What is Parkour ? Parkour is the "spartipline" (sport+art+discipline)
of fluidly moving through your environment with the use of vaults to
overcome obstacles. There are two types of Parkour.
Traditional Parkour and Free Style Parkour a.k.a. Freerunning
In Traditional Parkour, which is also known as "functional parkour",
you attempt to get from point A to point B as quickly and efficiently
as possible.
In Free Style Parkour/FreeRunning acrobatics are incorporated into and
added to the traditional vaults. The focus of Free Running is
style and demonstration.
I became a traucer/freerunner in 2005 after seeing a David Belle video.
I was fascinated, primarily because I had never seen or heard of
Parkour and immediately saw it as the definition of what I had been
doing all of my life. When I was in 1st grade I along with a few
friends learned how to do backflips on the playground. By fourth
grade we were flipping off of the six foot tall, baseball field fence.
Parkour was now a reason, even in my twenty somethings, to start
treating my neighborhood and the world like a playground. After
all, why don't they make playgrounds for adults anyway?
The very day that I saw that first David Belle and then Sabastian
Foucan video, Jimmy Hyslope and I went out and started doing PK.
The following videos include footage from that day and beyond.

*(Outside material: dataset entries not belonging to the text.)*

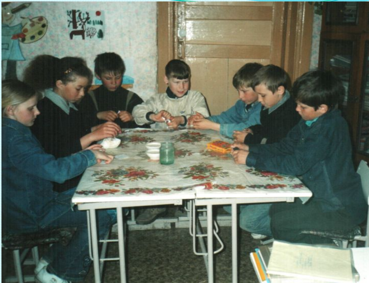
Изготовление кукол по технологии папье-маше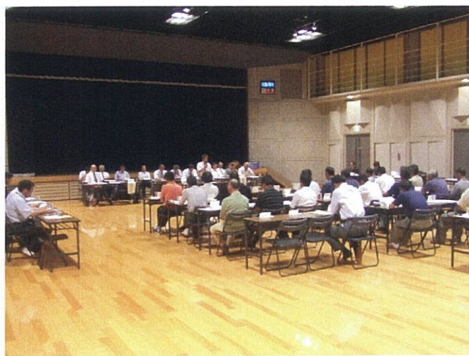
慎重に審議され全議案可決いたしました。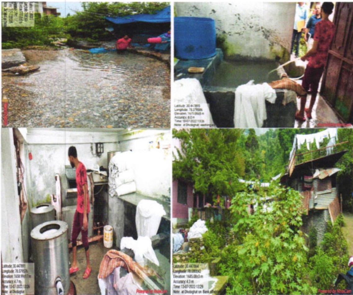
Fig. 4: Passes through Dhobi Ghat & Washerman uses water for washing clothes for commercial purpose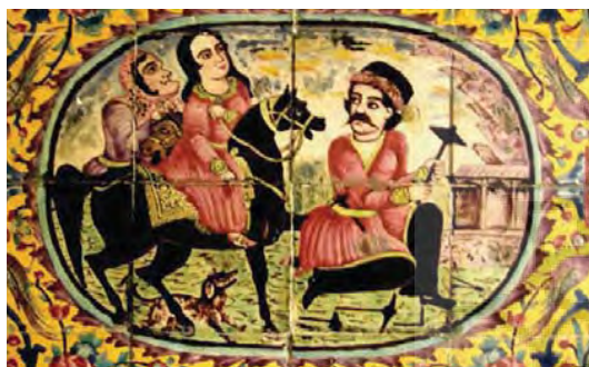
تصویر ۲۶- فرهاد کوه کن، نقاشی دیواری استراحتگاه تابستانه، باغ ارم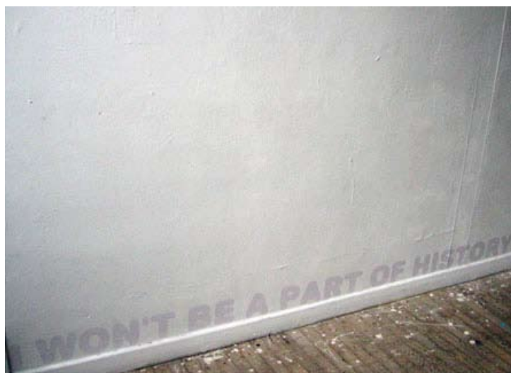
Tolga Taluy, I won't be a part of history lettres adhésives, dimensions variables, 2007

Tolga Taluy observe et décrypte les médias à travers une radicalité paradoxalement nonchalante. Ses travaux esquivent toutes confrontations, mais ils savent surgir là où il faut : comme une force non agressive, mais à l'efficacité réelle et incisive. Pour BASSE DEF, sera entre autre présentée sa vidéo Girls , où, sur des images recyclées, une voix susurre a capella le tube de Cyndi Lauper ( Girls just want to have fun , 1983), et infecte au passage tout l'espace d'exposition de sa délicate nostalgie.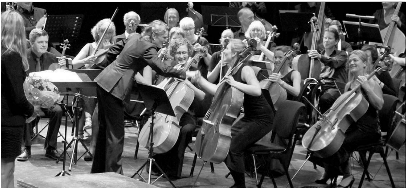
TRADISJONSRIK SYMFONI: Frå ei tidlegare oppsetting av Vestlandsk Sommarsymfoni.

● Vestlandsk sommarsymfoni samlar 75 amatørmusikarar frå heile landet på Nordfjordeid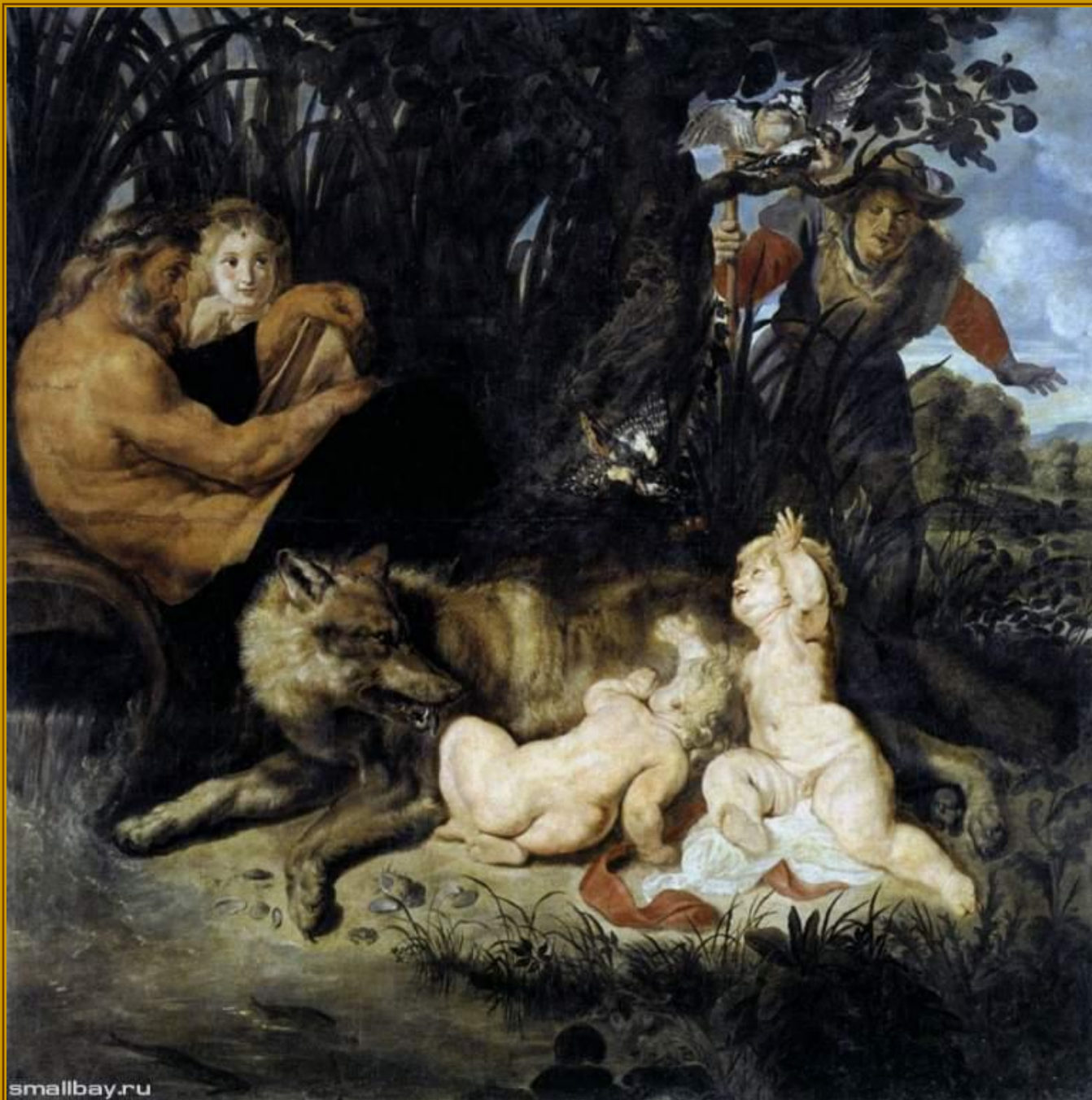
Питер Пауль Рубенс Ромул и Рем с волчицей, 1616 Капитолийская пинакотека, Рим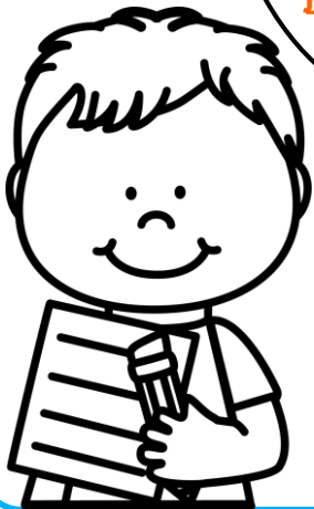
Série A - 1 à 5

Chaque jour, j'apprends 5 mots puis je me fais interroger (par mes parents ou par un camarade de classe). Si le mot est bien écrit, je colorie un rond en vert . Au bout de 3 ronds verts , je suis prêt(e) pour la dictée.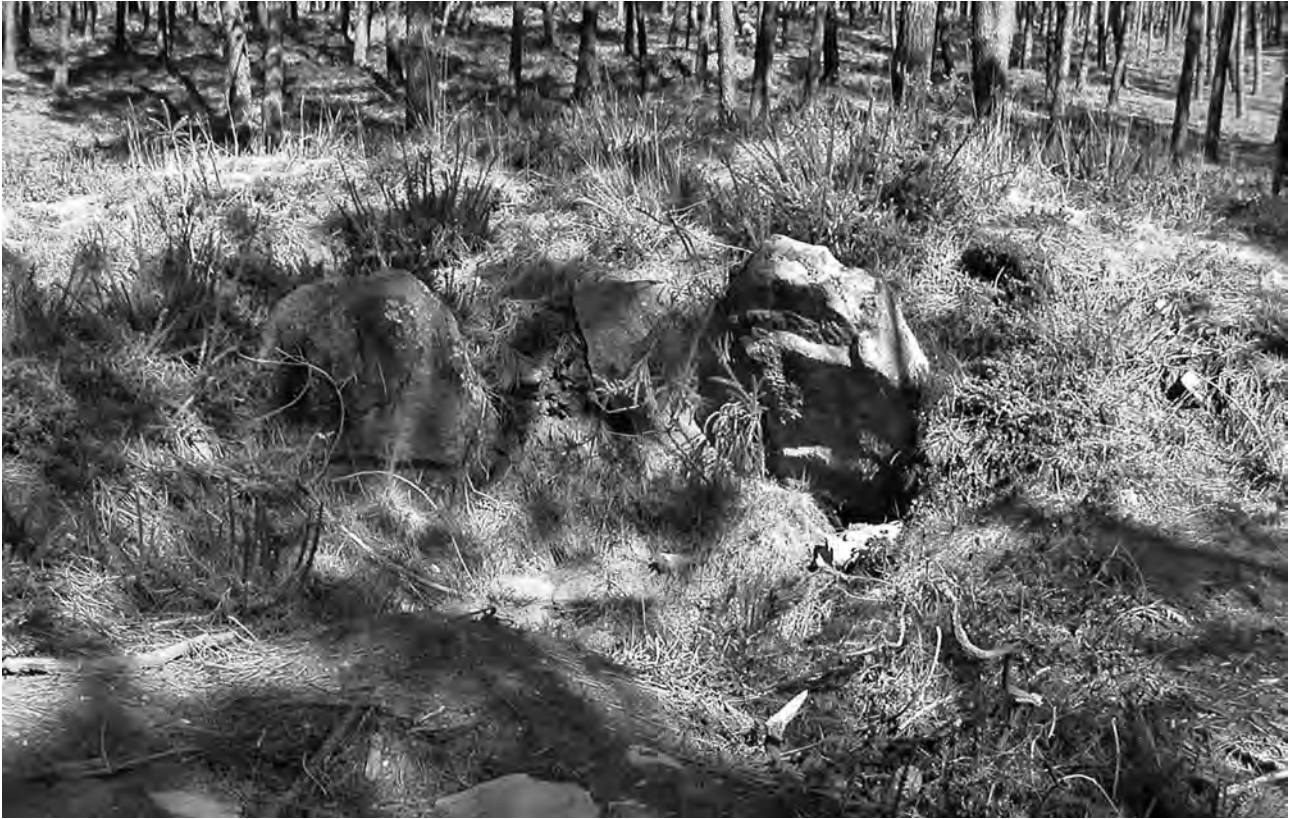
Restos de una cámara funeraria megalítica en Monte Penide

Some of the clips are of me practicing vaults and flips in my
backyard. Much of the footage is of my first year of Parkour, a
year in which I found a Parkour "meet-up" group and about three of us
formed Texas Parkour. Each weekend we would meet in Austin or San
Antonio to freerun and once a month we would go to a new city. A
year after Texas Parkour was originally formed we began having 30-40
free runners show up every weekend for jam sessions and had become the
subject of several documentaries and news reports.
**
"Parkour is not flips." I wish I had a dollar for every time I heard
someone say this. If you look at one of my youtube videos we are
at a gym jam were we had a front flip competition to see who could
cover the most distance with a front flip. Almost every comment
on that video is, "Parkour is not flips." I have two things to
say to that: first, telling me that is like telling an artist he can't
use color in his art. Secondly, I find that usually those who
make that statement can't even do flips! If they could they would use
them. So to reiterate, read the definition of Parkour and read
that art is part at its core. Parkour is an expression of
movement and hey, its just plain fun. The one who wants to put
rules on fun is...well, not very fun.
****About
these videos. Wow do they look amateur-ish! Not just the edit but a lot
of the Parkour itself. But alas, it is all the footage I can find
right now and I had to get something up here in order to continue my
goals of chronicling michaellytle. So thanks for enjoying!